Using a combination of these stimulus selection approaches, seminal studies led to foundational discoveries about visual processing, including center-surround receptive fields (Kuffler, 1953), neurons in primary visual cortex that is tuned to the orientation of a bar placed within their receptive fields (Hubel & Wiesel, 1962), neurons in area MT that discriminate motion direction (Movshon & Newsome, 1992), neurons in area V4 that is sensitive to colors (Zeki, 1983) and curvature (Gallant, Braun, & Van Essen, 1993; Pasupathy & Connor, 2001), selectivity to natural objects (DiCarlo et al., 2012; Logothetis & Sheinberg, 1996) including faces (Desimone et al., 1984; Tsao et al., 2006), among many others. Despite these extensive and heroic efforts, we still do not know that any of those tuning properties are optimal for those neurons – where optimal means triggering high firing rates. It is conceivable that there could be other stimuli that might more strongly drive neurons in all those areas. Mechanistic models can help us understand how neuronal responses arise and thus design better stimuli. The last two decades have seen significant progress in the development of computational models to help us understand neural tuning properties in visual cortex.

3 Computational models of ventral visual cortex

Inspired by neuroanatomy and neurophysiology, many investigators have developed computational models that capture the basic principles that progressively transform a pixel-like representation of inputs into complex features that can be linearly decoded to recognize objects (Deco & Rolls, 2004; DiCarlo et al., 2012; Fukushima, 1980; Mel, 1997; Olshausen, Anderson, & Van Essen, 1993; Riesenhuber & Poggio, 1999; Serre et al., 2007; Wallis & Rolls, 1997). More recently, this family of models has taken over the computer vision community in the form of deep convolutional network architectures that perform quite well in many object labeling and object detection tasks (He, Gkioxari, Dollar, & Girshick, 2018; He, Zhang, Ren, & Sun, 2015; Krizhevsky, Sutskever, & Hinton, 2012; Serre, 2019; Simonyan & Zisserman, 2014).

While there are important variations across different models, they all share basic design principles and we generically refer to them as a family of models. The models are hierarchical, typically following a sequential path of operations, mimicking the approximately hierarchical nature of ventral visual cortex (Felleman & Van Essen, 1991). The models consist of multiple layers, following a divide-and-conquer strategy breaking the problem of object recognition into multiple smaller and simpler steps. Each of these steps is characterized by a series of biologically plausible canonical computations, typically including a filter implemented by a dot product, a normalization step, and a max pooling operation. In most of the steps, the operations are performed in a convolutional fashion, such that the same computation is repeated throughout the entire visual field. The dot product operation is characterized by sets of weights that are learnt via training. In the computer vision literature, a prominent way of training these weights is via supervised learning algorithms implementing back-propagation. Through the sequence of computations, units show tuning for increasingly more complex features, accompanied by an increasing degree of invariance to transformations of those features such as changes in position, scale, etc.

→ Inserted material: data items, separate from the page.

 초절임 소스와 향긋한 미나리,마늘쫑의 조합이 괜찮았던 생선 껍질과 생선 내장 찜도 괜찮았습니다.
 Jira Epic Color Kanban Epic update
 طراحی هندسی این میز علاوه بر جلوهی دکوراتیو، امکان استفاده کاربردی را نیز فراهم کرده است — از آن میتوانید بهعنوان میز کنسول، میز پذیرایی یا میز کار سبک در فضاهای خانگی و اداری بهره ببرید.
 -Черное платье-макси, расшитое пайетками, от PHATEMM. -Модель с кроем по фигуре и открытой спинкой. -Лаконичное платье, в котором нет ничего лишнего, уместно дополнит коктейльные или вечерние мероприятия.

These models perform quite well in many object labeling tasks. For example, the ResNet architecture achieved a 4% top-5 error rate in the ImageNet dataset consisting of 1000 possible categories (He et al., 2015). These models also provide a reasonable—yet certainly imperfect—first order approximation to characterize human and monkey behavioral performance in rapid object categorization tasks (Rajalingham et al., 2018; Russakovsky et al., 2014). For example, a recent study showed that deep convolutional network architectures performed as well as, and in many cases better than, forensic facial examiner experts, facial reviewers and so-called facial super-recognizers in a face identification task (Phillips et al., 2018). Furthermore, the activity of units in these models can be mapped onto the activity of neurons along the ventral visual cortex (Yamins et al., 2014), even extrapolating across categories when learning the transformation from models to neurons (O'Connell, Chun, & Kreiman, 2018).

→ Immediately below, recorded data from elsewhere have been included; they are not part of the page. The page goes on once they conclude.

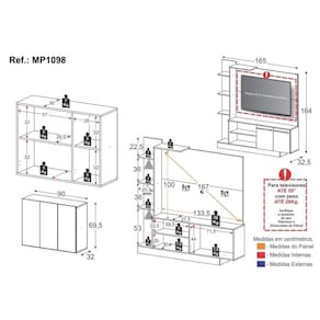 O painel é ideal para TVs de até 55 (suporta até 26kg) e possui espaçamento para passagem de fios, garantindo um ambiente mais organizado e limpo. Caso preferir, a pode ser apoiada no tampo. Além das prateleiras para objetos decorativos, oferece nichos para acomodar equipamentos eletrônicos e 2 portas em alto brilho com puxadores alongados em ABS, mantendo tudo em ordem. Acompanha suporte para fixação da no painel, com TVs LCD, LED e Plasma (14 a 71). As portas contam com puxador passante (embutido no móvel).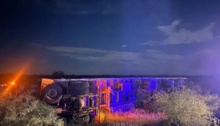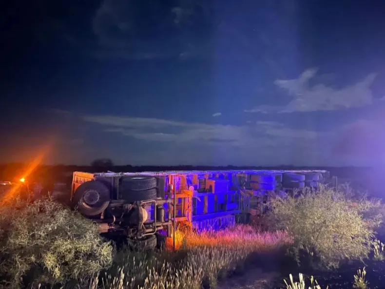 Un camión con semirremolque volcó durante la madrugada al costado de la Ruta Nacional 20, en el departamento 25 de Mayo, luego de perder estabilidad mientras circulaba por la zona.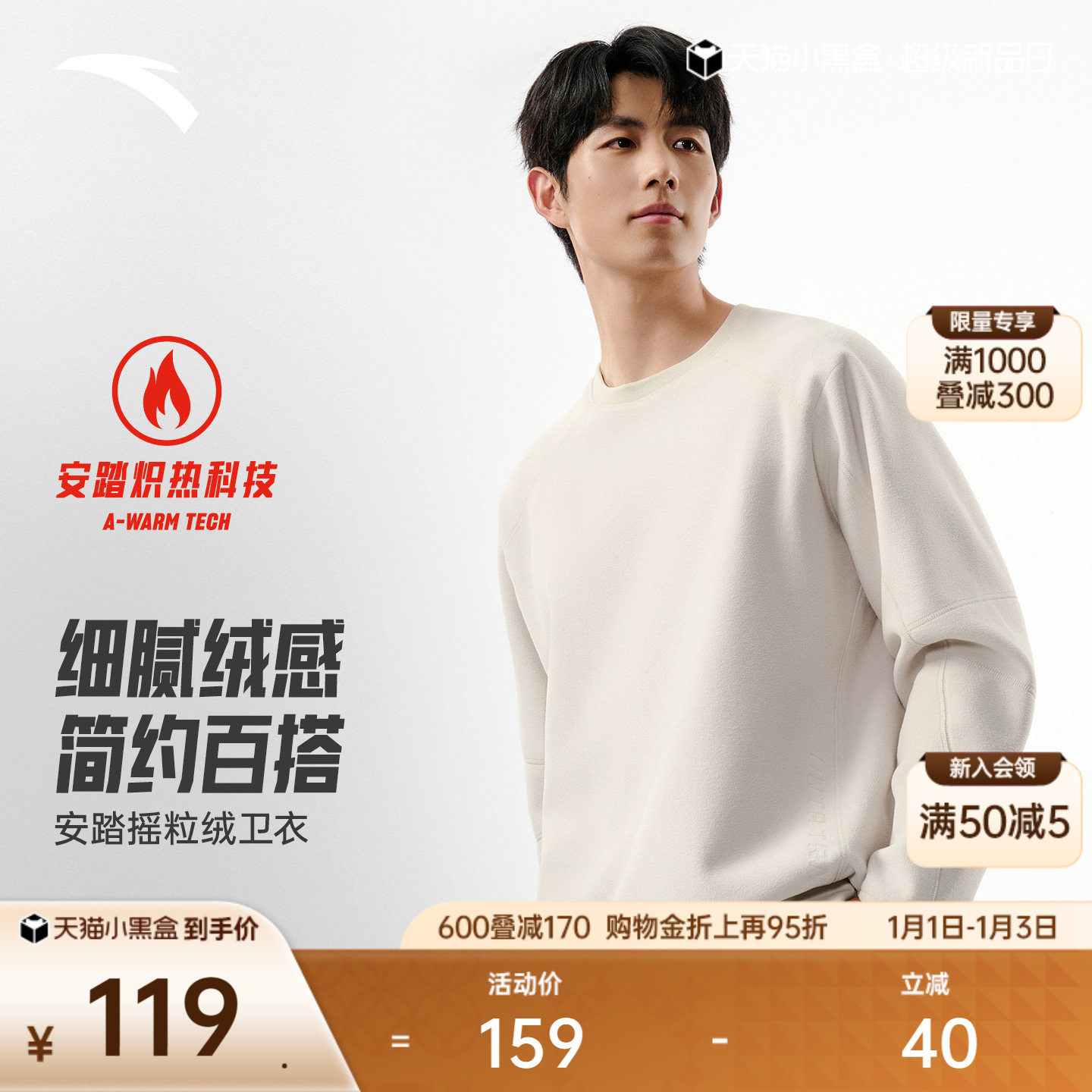 安踏加绒卫衣男保暖圆领套头衫男款2025冬季加厚宽松男士运动上衣
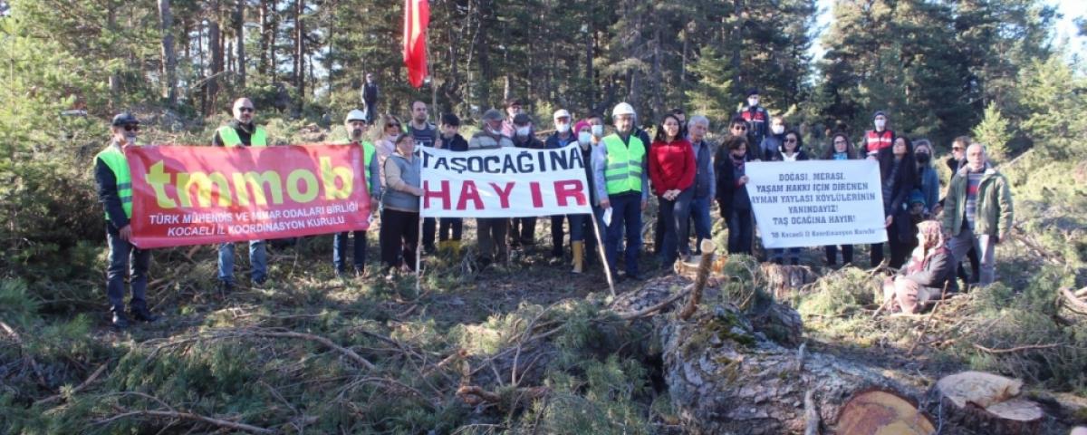 Bolu Kıbrıscık yolu üzerinde bulunan 500 yıllık Ayman Yaylası'nın köylüleribir süredir, yaylaya çok yakın bir mesafede yapılması planlanan taş ocağına karşı hem fiili hem de hukuki mücadelerine devam ediyor. Köylülerin bu mücadelesine bir destek de Türk Mühendis ve Mimar Odaları Birliği (TMMOB) Kocaeli İl Koordinasyon Kurulu (İKK) bileşenlerinden geldi. Yoğun bir katılım ile Ayman yaylasına gelen (TMMOB) Kocaeli İl Koordinasyon Kurulu taş ocağı yapılmak istenen ve yüzlerce ağacın kesildiği alanda keşif yaparak taş ocağının doğaya, hayvancılığa ve burayı yurt edinmiş insanlara ve Bolu'ya getireceği zararları anlatan bir basın açıklaması gerçekleştirdi.

Despite the multiple successes of this family of models, it is clear that they only scratch the surface of what we need to understand about visual cortex and there is a large amount of neuroscience and behavioral data that cannot quite be accounted by current instantiations of these algorithms (Kubilius, Bracci, & Op de Beeck, 2016; Linsley, Eberhardt, Sharma, Gupta, & Serre, 2017; Markov et al., 2014; Serre, 2019; Tang et al., 2018; Ullman, Assif, Fetaya, & Harari, 2016). Because such models do not incorporate aspects of common sense cognitive knowledge about the world other than what was used to label images for training, they constitute a suitable standard benchmark and null hypothesis to contrast against for any study that aims to investigate any type of high-level information encoding (Kreiman, 2017).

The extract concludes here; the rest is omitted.